*** Data shown
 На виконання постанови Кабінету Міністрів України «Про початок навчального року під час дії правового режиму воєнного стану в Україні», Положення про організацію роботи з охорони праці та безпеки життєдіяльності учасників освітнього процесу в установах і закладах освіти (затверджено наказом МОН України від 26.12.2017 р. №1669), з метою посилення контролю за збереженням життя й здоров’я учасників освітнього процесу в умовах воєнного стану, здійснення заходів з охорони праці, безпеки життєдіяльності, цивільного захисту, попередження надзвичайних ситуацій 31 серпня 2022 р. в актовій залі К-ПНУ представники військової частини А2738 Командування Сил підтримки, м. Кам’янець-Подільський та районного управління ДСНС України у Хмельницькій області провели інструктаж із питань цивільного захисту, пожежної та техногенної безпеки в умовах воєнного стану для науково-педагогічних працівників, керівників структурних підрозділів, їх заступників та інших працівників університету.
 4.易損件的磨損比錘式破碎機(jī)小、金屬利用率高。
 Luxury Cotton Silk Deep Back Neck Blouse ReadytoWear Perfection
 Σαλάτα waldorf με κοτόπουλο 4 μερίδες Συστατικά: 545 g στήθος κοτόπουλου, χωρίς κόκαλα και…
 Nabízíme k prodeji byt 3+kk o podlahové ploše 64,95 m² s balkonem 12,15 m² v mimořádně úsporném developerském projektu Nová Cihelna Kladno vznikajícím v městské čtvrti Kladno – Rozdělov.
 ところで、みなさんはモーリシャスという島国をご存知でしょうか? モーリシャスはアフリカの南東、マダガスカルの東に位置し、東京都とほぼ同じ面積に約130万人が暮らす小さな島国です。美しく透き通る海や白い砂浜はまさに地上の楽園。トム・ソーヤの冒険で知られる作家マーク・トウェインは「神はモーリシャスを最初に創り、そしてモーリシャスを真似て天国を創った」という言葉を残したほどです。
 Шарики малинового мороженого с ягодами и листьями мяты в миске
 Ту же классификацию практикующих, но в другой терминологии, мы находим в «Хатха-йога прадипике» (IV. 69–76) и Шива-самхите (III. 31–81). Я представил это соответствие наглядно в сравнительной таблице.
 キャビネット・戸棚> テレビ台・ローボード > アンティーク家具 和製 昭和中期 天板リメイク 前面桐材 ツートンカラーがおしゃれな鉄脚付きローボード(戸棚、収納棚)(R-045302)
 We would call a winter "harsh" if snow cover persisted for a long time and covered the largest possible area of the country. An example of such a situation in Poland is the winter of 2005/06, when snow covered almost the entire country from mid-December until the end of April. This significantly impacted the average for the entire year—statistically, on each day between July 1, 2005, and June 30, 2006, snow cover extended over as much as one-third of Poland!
******
_Assignment_
With no words changed, transcribe the records above.

_Answer to the exercise_
 На виконання постанови Кабінету Міністрів України «Про початок навчального року під час дії правового режиму воєнного стану в Україні», Положення про організацію роботи з охорони праці та безпеки життєдіяльності учасників освітнього процесу в установах і закладах освіти (затверджено наказом МОН України від 26.12.2017 р. №1669), з метою посилення контролю за збереженням життя й здоров’я учасників освітнього процесу в умовах воєнного стану, здійснення заходів з охорони праці, безпеки життєдіяльності, цивільного захисту, попередження надзвичайних ситуацій 31 серпня 2022 р. в актовій залі К-ПНУ представники військової частини А2738 Командування Сил підтримки, м. Кам’янець-Подільський та районного управління ДСНС України у Хмельницькій області провели інструктаж із питань цивільного захисту, пожежної та техногенної безпеки в умовах воєнного стану для науково-педагогічних працівників, керівників структурних підрозділів, їх заступників та інших працівників університету.
 4.易損件的磨損比錘式破碎機(jī)小、金屬利用率高。
 Luxury Cotton Silk Deep Back Neck Blouse ReadytoWear Perfection
 Σαλάτα waldorf με κοτόπουλο 4 μερίδες Συστατικά: 545 g στήθος κοτόπουλου, χωρίς κόκαλα και…
 Nabízíme k prodeji byt 3+kk o podlahové ploše 64,95 m² s balkonem 12,15 m² v mimořádně úsporném developerském projektu Nová Cihelna Kladno vznikajícím v městské čtvrti Kladno – Rozdělov.
 ところで、みなさんはモーリシャスという島国をご存知でしょうか? モーリシャスはアフリカの南東、マダガスカルの東に位置し、東京都とほぼ同じ面積に約130万人が暮らす小さな島国です。美しく透き通る海や白い砂浜はまさに地上の楽園。トム・ソーヤの冒険で知られる作家マーク・トウェインは「神はモーリシャスを最初に創り、そしてモーリシャスを真似て天国を創った」という言葉を残したほどです。
 Шарики малинового мороженого с ягодами и листьями мяты в миске
 Ту же классификацию практикующих, но в другой терминологии, мы находим в «Хатха-йога прадипике» (IV. 69–76) и Шива-самхите (III. 31–81). Я представил это соответствие наглядно в сравнительной таблице.
 キャビネット・戸棚> テレビ台・ローボード > アンティーク家具 和製 昭和中期 天板リメイク 前面桐材 ツートンカラーがおしゃれな鉄脚付きローボード(戸棚、収納棚)(R-045302)
 We would call a winter "harsh" if snow cover persisted for a long time and covered the largest possible area of the country. An example of such a situation in Poland is the winter of 2005/06, when snow covered almost the entire country from mid-December until the end of April. This significantly impacted the average for the entire year—statistically, on each day between July 1, 2005, and June 30, 2006, snow cover extended over as much as one-third of Poland!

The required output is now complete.